LyondellBasell 2024

Team LYB - Rotterdam Marathon 2024
van totaal € 3.850 (134%)

At LyondellBasell, we believe in creating solutions for healthier, sustainable and equitable communities – now and for generations to come. Through our global corporate citizenship program, Advancing Good, we invest in charitable organizations supporting three key focus areas: Advancing Our Communities, Advancing Our Planet, Advancing Tomorrow's Workforce.

This year we once again support the Erasmus MC Foundation, specifically: research into FTD of Dr. Harro Seelaar.

What is FTD?
After Alzheimer's disease, frontotemporal dementia (FTD) is the form of dementia that most often occurs in people under the age of 65.

In FTD, behavior, personality and language mostly change, while memory symptoms are virtually nonexistent. This is because the front part of the brain (the frontal and temporal lobes of the brain) is damaged. These parts are responsible for our behavior, how we make decisions, our emotional response and language skills.

FTD can be hereditary. Of all patients with FTD, 20% to 30% have an inherited form. Does someone have hereditary FTD? If so, there is a 50% chance he or she will pass the gene on to his or her children.

In early 2023, actor Bruce Willis was also diagnosed with FTD at the age of 67. By going public with the diagnosis, his family wants to draw more attention to the disease.

Early diagnosis still difficult now
FTD often affects young people. Most patients are between the ages of 40 and 60. The young age means that dementia is not initially thought of. In fact, it is often thought that someone is overworked, has burnout or has psychiatric symptoms. It is important to make the correct diagnosis early so that doctors can properly guide these patients and loved ones and provide the right specific care.
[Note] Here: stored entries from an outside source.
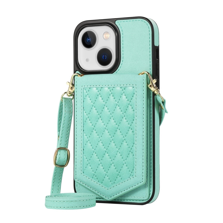 Funda para iPhone 14 Rhombic Texture Rfid con Cordón y Espejo (Verde Menta)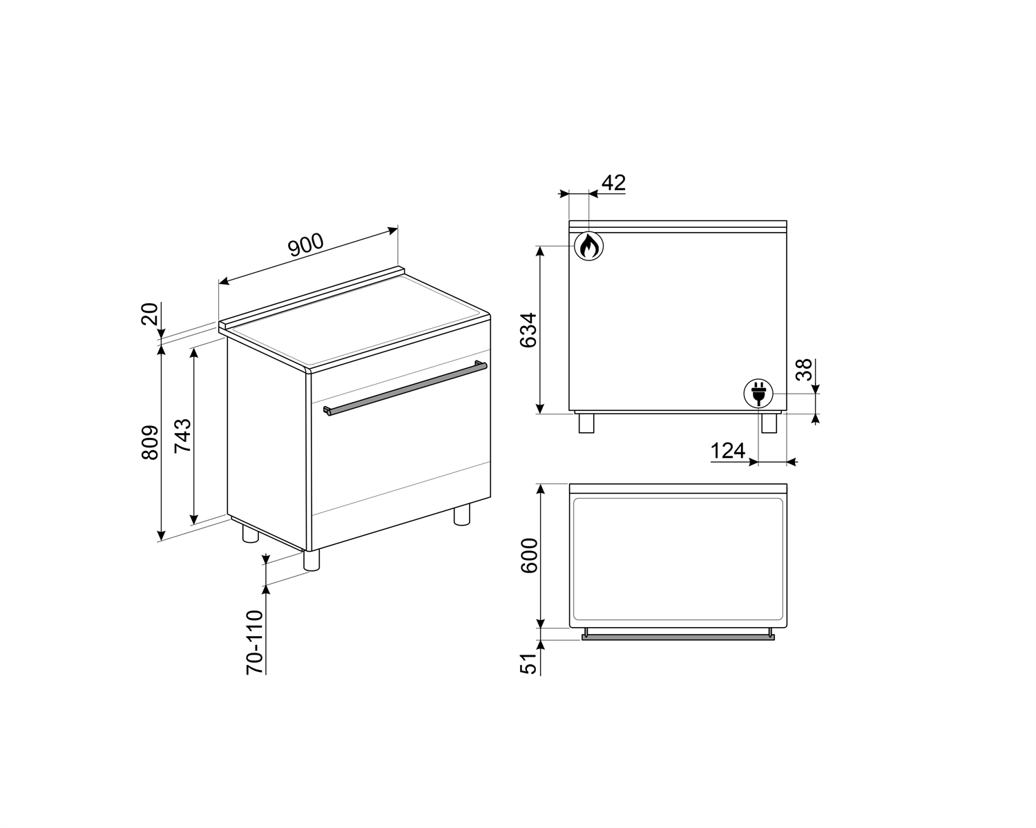 Отдельностоящий варочный центр, 90х60 см, цвет чёрный матовый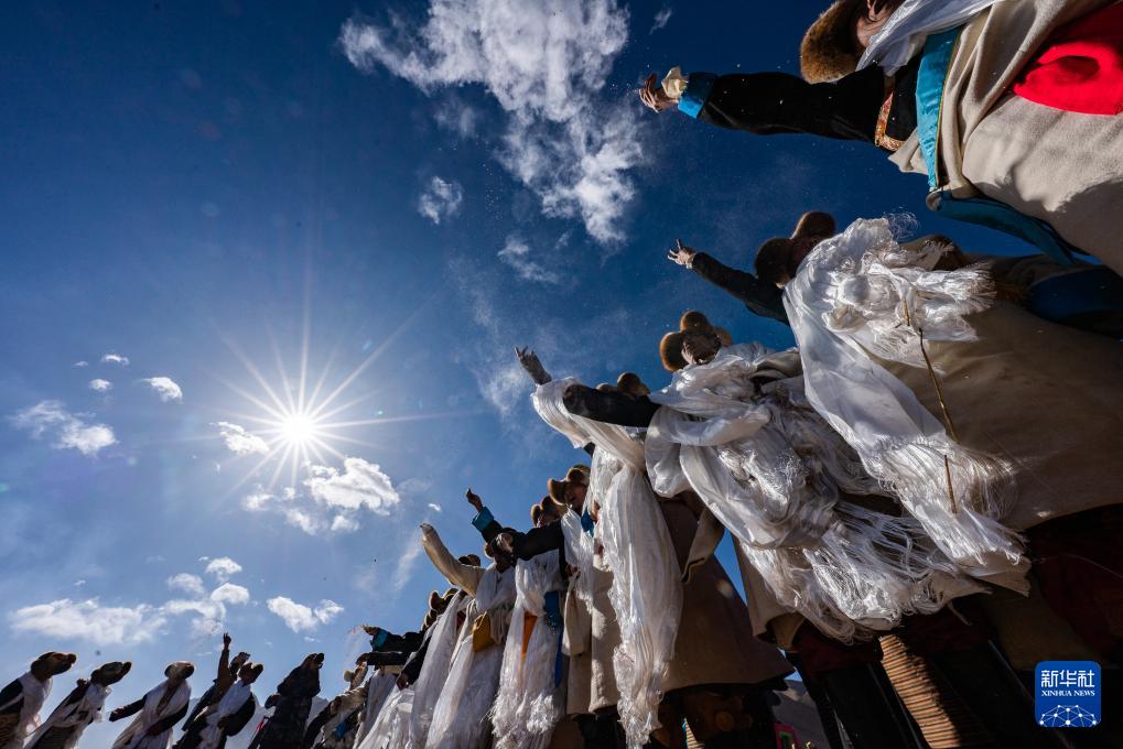 3月16日,西藏拉萨市林周县春堆乡农民在春耕典礼现场播撒青稞种子。新华社记者 晋美多吉 摄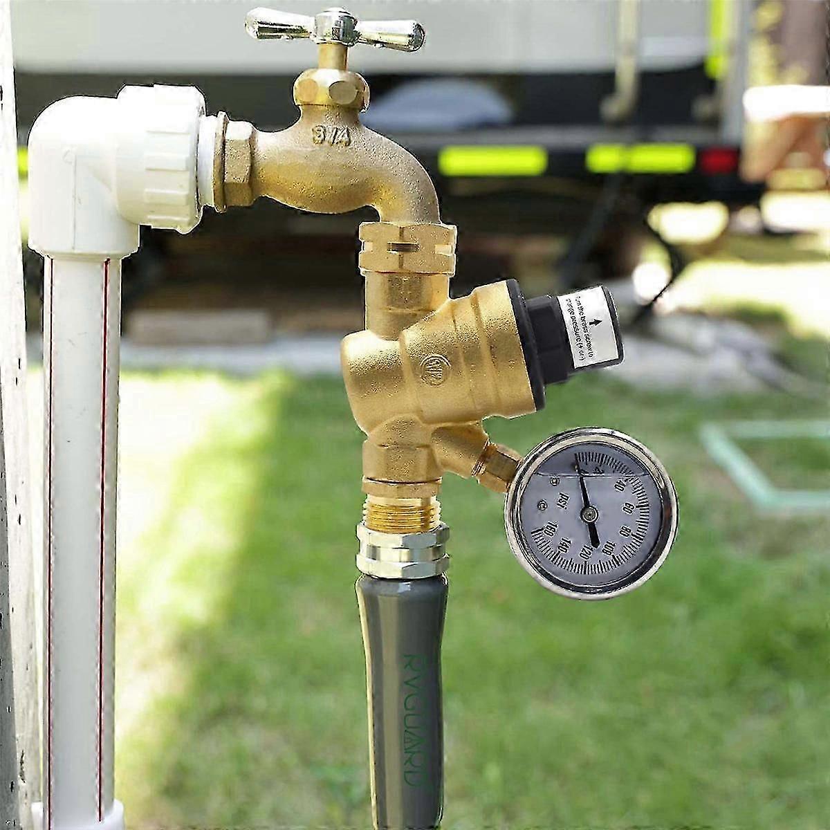 RV Water Pressure Regulator Valve, Brass Lead-Free Adjustable Water Pressure Reducer for RV Campers-M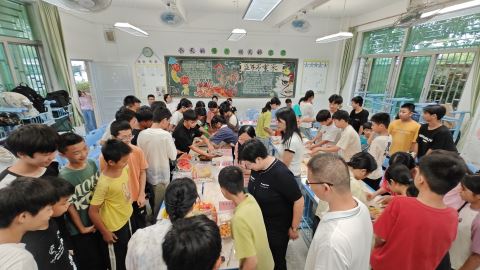 教室里,课桌拼接而成的长桌上摆满了学生们亲手制作的各类美食。各班或以小组为单位进行美食制作,或以个人为主烹饪拿手菜品。应邀而来的家长代表和老师代表担任美食团评委,在进行品尝后为各小组的作品打分。品评后,各班老师带领同学们一起了解了中华美食的文化内涵,教育同学们要养成健康科学的饮食方式。随后,各班邀请学校行政人员、科任老师前往教室共同品尝美食,教室里热闹非凡,一派和谐欢乐景象。该校美食节活动的举行,让学生们在实践中感受到平凡生活的美好,在合作中增进了同学情谊,提升了学生的自信和审美能力,增强了学生的劳动意识和社会责任感。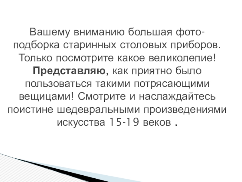 Слайд 30Вашему вниманию большая фото-подборка старинных столовых приборов. Только посмотрите какое великолепие!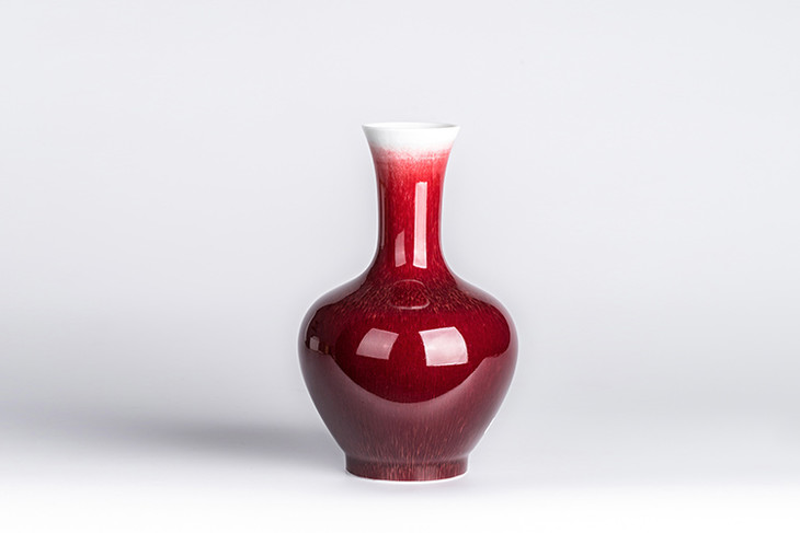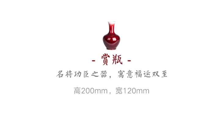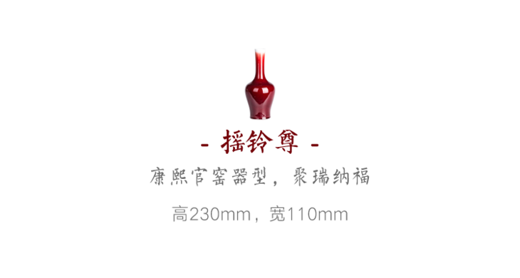 赏瓶出现于雍正年间,以作赏赐功臣之用;却与常见的青花缠莲不同,郎窑红赏瓶至简而至美,尊贵大气。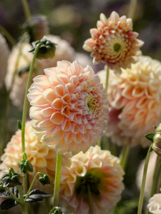 Dahlia ’Sweet Suzanne’ är en så kallad bolldahlia vars fyllda runda blommor kan bli upp 10 centimeter. Det här är en utmärkta snittblomma som får aprikosfärgade blommor med kronblad som har blyertstunna streck i en något mörkare ton vilka möts i en glad, citrongul mittpunkt. Kronbladens toppar är något flikiga vilket gör blomman livfullt söt. Det är en ljuvlig dahlia som kickar igång lusten att skapa sköna blandbuketter vackra färgskalor.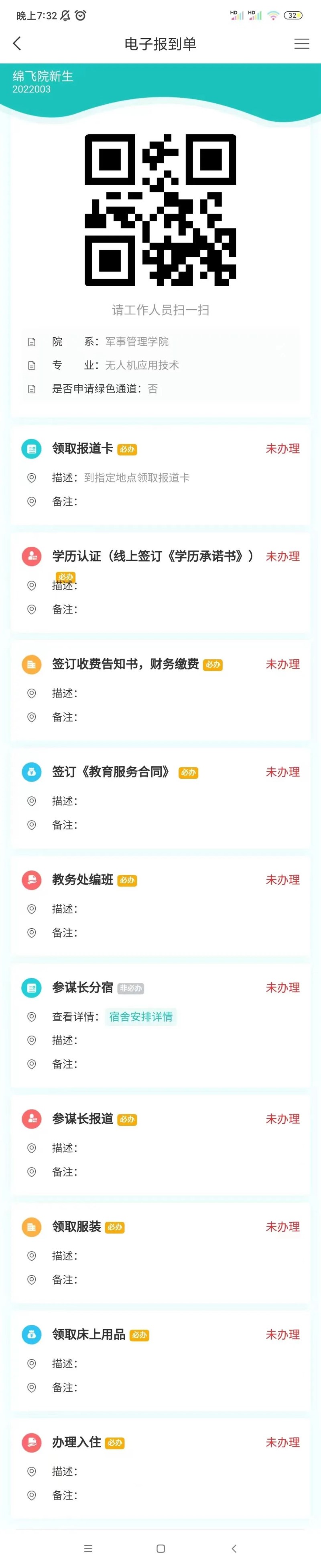 3.新生将二维码出示给各工作点位工作人员,然后根据报道单上的流程内容办理即可。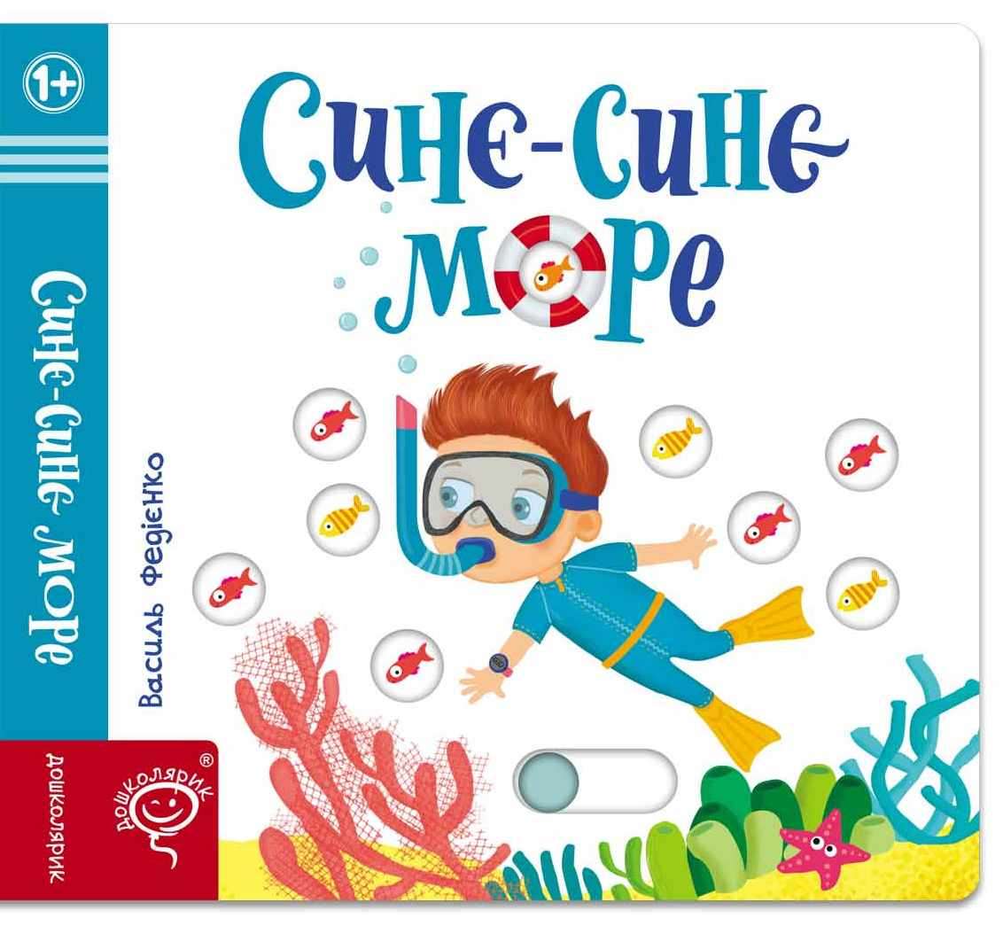 Синє-синє море Сторінки цікавинки. Книга познайомить дітей із найпоширенішими морськими мешканцями, які намальовані на кожній сторінці, а також із видами водного транспорту. Коротенькі вірші-загадки містять опис риб, крабів, восьминогів, черепах, птахів та ссавців, які мешкають біля водойм. А також допоможуть малюкові здогадатися, про кого йдеться, перш ніж він побачить відповідь, яка ховається під рухливими елементами.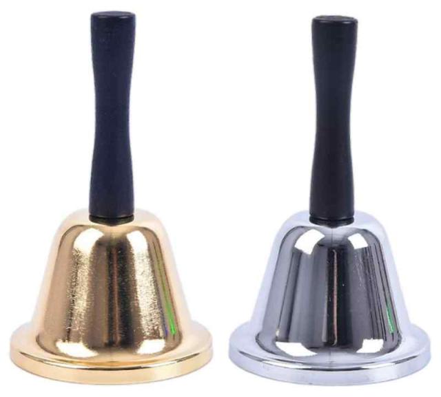 heizi ハンドベル 卓上ベル 2個セット 祭り用品 くじ引き ガラポン 抽選 あたり 鐘 呼び出しベル 呼び鈴 お店 ベル (ゴールド&シルバー 7.5cm x 13cm)
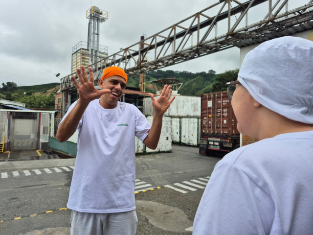 Castro exprime cada minuto de su labor con las frutas y con sus compañeros. Así se convirtió en líder de maquinaria, dedicado a los jugos, las extracciones y el pesaje. Antes estaba en el área de piña y mora. Ahora trabaja con mango y aguacate.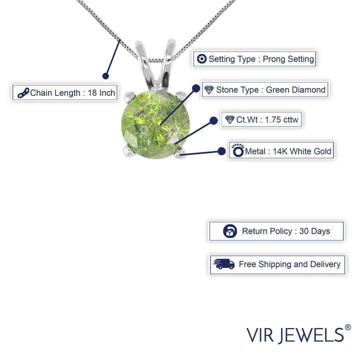1.75 cttw Green Diamond Solitaire Pendant 14K White Gold Round with Chain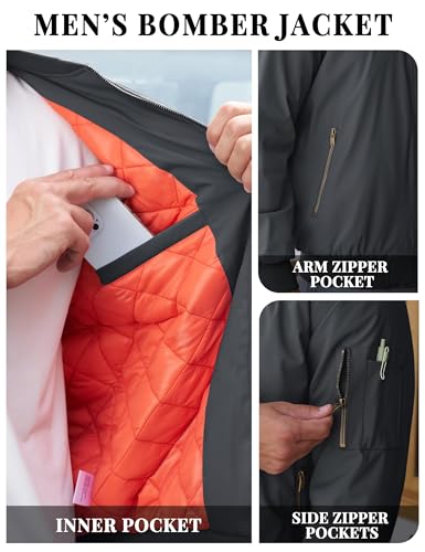 TACVASEN Men's Light Bomber Jacket Windproof Warm Wrok Coat for Men Spring Fall Casual Windbreaker with Zipper Pockets Dark Grey, S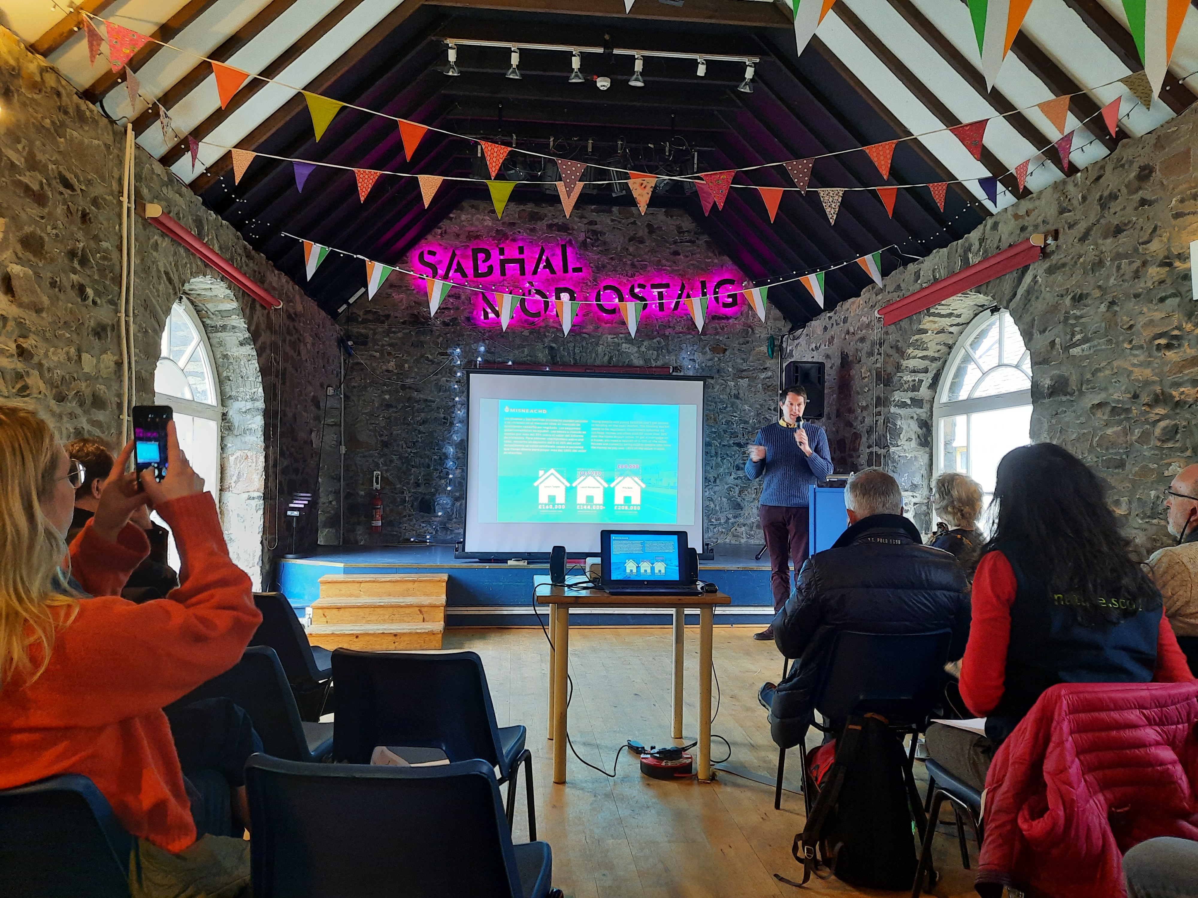 Señaló que la emigración dejó terrenos que fueron ocupados por personas con más poder económico llegadas de otros lugares y la dificultad para encontrar vivienda a las personas jóvenes de Skye u otras que quieren asentarse en la zona. De ahí que el propio centro educativo es promotor de una comunidad de viviendas, un housing, asequible y comunitario, también contemplado como un proyecto educacional.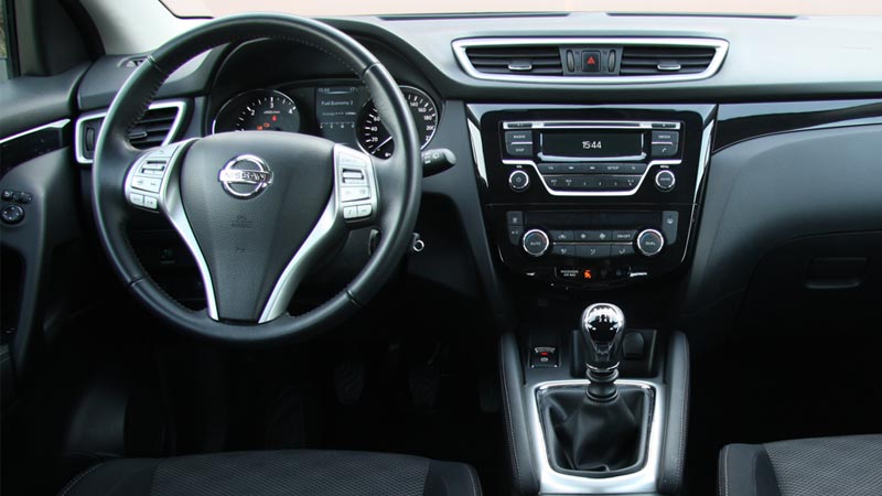 Στο εσωτερικό του Qashqai η απτή ποιότητα είναι προσεγμένη και αναβαθμίζεται σημαντικά από την ευρεία χρήση παχιού αφρώδους υλικού σε όλη την επιφάνεια του ταμπλό, τόσο στο πάνω μέρος του όσο και πιο χαμηλά. Κάποιες μικρές ατέλειες στην συναρμογή δεν απουσιάζουν, όπως και τριγμοί που ακούστηκαν από το αυτοκίνητο της δοκιμής. Η εργονομία είναι καλή με τον οδηγό να κάθεται ψηλά και άνετα στο αναπαυτικό κάθισμα. Οι χώροι είναι σε θέση να καλύψουν με άνεση τις μεταφορικές ανάγκες 4 ή και 5 επιβατών χωρίς ιδιαίτερες παραχωρήσεις από μέρους τους. O χώρος αποσκευών με το διπλό δάπεδο που ενισχύει την πρακτικότητα έχει χωρητικότητα 430 λίτρα.

The Alzheimer Center Erasmus MC has a specially recognized European Center of Expertise for FTD. This is the only recognized center in the Netherlands.

Research into FTD
To better treat patients with FTD, doctors at the Alzheimer Center Erasmus MC want to conduct research to improve diagnosis and guidance for patients with both hereditary and non-hereditary FTD. The doctors are focusing this research on patients with hereditary FTD so that the patients can be followed during the period when they are not yet ill. From this, the doctors can learn a lot about how the disease develops, including for patients with non-hereditary FTD. In this way, doctors can make the right diagnosis in time and better guide patients during their illness. With the ultimate goal of working toward a treatment to stop and prevent the disease.